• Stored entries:
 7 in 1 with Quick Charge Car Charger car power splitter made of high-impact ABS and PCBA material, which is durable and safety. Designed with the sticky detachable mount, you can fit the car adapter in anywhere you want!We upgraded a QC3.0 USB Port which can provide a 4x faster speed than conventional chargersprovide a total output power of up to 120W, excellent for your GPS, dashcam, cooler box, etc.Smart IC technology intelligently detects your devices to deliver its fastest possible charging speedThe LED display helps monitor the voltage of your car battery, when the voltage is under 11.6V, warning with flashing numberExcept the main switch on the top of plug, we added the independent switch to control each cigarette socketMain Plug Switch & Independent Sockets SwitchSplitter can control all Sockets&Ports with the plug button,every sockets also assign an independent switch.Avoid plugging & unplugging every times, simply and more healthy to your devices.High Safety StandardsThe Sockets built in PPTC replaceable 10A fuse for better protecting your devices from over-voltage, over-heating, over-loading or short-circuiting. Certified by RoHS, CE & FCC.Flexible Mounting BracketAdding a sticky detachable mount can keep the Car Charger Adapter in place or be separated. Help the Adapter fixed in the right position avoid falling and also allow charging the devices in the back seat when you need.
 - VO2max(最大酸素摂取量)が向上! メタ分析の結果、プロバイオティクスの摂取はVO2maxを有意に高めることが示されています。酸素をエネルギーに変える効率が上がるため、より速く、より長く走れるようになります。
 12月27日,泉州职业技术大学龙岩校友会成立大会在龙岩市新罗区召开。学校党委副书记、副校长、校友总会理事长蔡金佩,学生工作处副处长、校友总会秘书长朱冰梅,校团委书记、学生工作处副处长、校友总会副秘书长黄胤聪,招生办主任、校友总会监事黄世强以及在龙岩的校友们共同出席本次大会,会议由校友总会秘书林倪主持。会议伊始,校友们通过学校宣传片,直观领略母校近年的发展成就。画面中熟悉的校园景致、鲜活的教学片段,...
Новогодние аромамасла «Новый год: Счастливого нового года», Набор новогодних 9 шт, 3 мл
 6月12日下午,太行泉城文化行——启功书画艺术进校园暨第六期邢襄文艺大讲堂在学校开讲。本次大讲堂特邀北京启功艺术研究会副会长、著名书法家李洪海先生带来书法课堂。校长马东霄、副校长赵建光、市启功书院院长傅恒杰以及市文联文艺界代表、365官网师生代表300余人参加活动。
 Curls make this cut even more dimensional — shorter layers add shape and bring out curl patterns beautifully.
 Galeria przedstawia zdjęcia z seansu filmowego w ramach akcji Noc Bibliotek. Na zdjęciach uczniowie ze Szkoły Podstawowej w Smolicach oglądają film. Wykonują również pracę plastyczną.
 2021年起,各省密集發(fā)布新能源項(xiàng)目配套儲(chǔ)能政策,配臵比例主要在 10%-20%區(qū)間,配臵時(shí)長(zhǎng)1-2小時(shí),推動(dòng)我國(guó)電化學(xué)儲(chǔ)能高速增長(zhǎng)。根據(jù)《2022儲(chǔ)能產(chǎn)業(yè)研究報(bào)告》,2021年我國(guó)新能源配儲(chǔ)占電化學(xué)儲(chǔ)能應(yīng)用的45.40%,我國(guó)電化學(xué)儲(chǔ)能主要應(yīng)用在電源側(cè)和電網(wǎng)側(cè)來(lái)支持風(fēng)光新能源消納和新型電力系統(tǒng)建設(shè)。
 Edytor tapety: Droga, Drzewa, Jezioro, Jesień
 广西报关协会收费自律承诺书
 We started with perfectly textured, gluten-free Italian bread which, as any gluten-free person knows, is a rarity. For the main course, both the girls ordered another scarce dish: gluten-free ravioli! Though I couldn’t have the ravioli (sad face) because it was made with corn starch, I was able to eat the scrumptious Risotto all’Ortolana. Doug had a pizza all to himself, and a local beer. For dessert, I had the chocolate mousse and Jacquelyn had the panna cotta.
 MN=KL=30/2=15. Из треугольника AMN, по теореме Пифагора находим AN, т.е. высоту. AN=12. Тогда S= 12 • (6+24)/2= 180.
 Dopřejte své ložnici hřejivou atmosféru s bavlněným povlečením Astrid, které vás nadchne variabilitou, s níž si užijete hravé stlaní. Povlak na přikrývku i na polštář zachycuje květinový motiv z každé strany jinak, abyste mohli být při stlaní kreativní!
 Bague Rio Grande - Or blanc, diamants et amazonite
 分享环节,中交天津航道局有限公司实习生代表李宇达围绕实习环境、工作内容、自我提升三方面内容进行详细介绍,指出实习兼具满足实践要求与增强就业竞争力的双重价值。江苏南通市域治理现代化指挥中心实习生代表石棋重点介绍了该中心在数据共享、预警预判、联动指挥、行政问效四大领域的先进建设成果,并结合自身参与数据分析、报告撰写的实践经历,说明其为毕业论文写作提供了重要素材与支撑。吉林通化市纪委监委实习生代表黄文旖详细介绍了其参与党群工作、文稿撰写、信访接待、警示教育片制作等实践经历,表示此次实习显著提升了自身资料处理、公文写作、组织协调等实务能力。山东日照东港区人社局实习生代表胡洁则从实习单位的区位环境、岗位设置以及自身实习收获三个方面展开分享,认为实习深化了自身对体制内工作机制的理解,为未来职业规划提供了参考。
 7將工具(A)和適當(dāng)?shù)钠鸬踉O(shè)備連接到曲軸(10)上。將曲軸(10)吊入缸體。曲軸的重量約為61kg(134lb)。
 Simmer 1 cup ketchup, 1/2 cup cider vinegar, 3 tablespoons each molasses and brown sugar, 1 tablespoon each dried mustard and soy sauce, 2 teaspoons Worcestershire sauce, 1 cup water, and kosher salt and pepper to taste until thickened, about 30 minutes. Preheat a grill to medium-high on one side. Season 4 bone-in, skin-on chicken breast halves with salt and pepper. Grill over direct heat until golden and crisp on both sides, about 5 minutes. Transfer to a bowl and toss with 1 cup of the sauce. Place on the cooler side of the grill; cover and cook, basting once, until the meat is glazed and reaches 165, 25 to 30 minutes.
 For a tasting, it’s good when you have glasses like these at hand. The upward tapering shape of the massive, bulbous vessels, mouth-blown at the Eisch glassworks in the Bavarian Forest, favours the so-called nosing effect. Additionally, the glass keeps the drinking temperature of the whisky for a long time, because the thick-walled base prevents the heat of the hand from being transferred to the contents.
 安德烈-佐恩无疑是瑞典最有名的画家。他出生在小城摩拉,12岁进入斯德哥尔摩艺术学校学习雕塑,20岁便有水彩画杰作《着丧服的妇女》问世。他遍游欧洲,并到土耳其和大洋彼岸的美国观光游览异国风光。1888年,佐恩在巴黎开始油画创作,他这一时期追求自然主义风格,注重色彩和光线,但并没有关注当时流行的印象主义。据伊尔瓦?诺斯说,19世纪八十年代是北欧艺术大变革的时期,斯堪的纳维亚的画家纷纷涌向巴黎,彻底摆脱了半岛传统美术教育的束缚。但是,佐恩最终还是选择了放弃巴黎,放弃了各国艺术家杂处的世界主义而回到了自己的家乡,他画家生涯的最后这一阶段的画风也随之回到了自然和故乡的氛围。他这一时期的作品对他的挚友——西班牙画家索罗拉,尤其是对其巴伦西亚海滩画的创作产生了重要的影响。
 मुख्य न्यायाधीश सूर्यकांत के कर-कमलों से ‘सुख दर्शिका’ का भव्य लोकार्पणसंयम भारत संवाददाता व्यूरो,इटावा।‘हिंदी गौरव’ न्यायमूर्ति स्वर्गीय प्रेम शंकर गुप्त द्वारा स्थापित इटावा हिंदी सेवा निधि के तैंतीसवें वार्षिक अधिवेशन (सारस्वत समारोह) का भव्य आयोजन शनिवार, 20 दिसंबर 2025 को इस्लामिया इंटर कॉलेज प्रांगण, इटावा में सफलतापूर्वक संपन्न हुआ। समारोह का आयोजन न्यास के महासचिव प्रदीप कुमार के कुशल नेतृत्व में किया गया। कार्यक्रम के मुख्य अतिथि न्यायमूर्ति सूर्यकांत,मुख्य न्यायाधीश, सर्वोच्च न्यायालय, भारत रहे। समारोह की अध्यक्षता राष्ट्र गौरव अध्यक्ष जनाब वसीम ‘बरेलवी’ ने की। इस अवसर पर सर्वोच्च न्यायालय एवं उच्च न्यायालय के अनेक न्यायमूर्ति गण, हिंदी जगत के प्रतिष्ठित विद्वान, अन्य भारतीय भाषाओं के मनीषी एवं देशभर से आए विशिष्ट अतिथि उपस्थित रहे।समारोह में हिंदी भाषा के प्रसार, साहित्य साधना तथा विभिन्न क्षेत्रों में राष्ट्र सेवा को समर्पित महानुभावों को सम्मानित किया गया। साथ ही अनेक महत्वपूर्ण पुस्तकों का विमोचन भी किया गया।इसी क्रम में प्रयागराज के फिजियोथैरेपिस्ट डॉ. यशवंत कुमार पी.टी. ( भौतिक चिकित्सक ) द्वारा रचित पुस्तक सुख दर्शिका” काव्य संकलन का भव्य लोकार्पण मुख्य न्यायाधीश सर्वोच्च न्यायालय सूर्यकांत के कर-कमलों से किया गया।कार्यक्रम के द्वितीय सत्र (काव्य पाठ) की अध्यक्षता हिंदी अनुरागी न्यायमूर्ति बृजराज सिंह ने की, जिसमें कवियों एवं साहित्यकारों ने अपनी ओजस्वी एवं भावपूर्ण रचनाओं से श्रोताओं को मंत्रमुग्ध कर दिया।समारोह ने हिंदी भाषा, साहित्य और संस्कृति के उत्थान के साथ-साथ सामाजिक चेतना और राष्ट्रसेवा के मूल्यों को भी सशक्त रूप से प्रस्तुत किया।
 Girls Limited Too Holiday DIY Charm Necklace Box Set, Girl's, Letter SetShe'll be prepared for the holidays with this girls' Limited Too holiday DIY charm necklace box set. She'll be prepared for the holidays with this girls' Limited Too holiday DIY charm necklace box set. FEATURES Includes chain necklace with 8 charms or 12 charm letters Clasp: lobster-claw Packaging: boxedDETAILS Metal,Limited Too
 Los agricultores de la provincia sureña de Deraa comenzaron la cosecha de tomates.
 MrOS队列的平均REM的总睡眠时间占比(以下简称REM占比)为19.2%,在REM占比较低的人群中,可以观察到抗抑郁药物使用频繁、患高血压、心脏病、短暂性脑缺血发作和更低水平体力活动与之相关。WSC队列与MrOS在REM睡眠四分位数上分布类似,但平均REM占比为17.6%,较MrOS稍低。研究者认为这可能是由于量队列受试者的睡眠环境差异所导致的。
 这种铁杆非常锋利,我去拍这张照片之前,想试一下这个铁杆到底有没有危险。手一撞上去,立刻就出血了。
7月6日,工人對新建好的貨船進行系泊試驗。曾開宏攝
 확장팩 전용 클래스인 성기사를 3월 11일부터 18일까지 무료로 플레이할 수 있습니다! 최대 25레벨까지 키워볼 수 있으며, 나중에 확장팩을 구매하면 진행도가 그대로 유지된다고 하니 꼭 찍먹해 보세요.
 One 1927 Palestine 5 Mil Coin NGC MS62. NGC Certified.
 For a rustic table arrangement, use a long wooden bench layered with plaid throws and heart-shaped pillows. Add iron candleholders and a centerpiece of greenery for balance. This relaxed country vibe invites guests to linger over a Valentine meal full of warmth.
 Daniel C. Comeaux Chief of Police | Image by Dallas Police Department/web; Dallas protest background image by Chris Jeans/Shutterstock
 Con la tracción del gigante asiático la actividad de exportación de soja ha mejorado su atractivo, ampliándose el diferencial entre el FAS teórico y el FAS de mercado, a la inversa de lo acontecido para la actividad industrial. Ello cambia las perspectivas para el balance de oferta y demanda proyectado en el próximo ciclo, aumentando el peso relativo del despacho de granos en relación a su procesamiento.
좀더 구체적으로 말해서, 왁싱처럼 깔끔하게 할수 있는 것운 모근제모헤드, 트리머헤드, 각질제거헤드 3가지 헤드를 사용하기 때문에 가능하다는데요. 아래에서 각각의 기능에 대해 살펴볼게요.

• WHAT YOU NEED TO DO: When the line with "7將工具(A)和適當(dān" is reached in the data above, start copying there, and copy each line exactly until the line with "For a tasting, it’s" has been copied; copy nothing else.

• RESPONSE TO THIS TASK:
 7將工具(A)和適當(dāng)?shù)钠鸬踉O(shè)備連接到曲軸(10)上。將曲軸(10)吊入缸體。曲軸的重量約為61kg(134lb)。
 Simmer 1 cup ketchup, 1/2 cup cider vinegar, 3 tablespoons each molasses and brown sugar, 1 tablespoon each dried mustard and soy sauce, 2 teaspoons Worcestershire sauce, 1 cup water, and kosher salt and pepper to taste until thickened, about 30 minutes. Preheat a grill to medium-high on one side. Season 4 bone-in, skin-on chicken breast halves with salt and pepper. Grill over direct heat until golden and crisp on both sides, about 5 minutes. Transfer to a bowl and toss with 1 cup of the sauce. Place on the cooler side of the grill; cover and cook, basting once, until the meat is glazed and reaches 165, 25 to 30 minutes.
 For a tasting, it’s good when you have glasses like these at hand. The upward tapering shape of the massive, bulbous vessels, mouth-blown at the Eisch glassworks in the Bavarian Forest, favours the so-called nosing effect. Additionally, the glass keeps the drinking temperature of the whisky for a long time, because the thick-walled base prevents the heat of the hand from being transferred to the contents.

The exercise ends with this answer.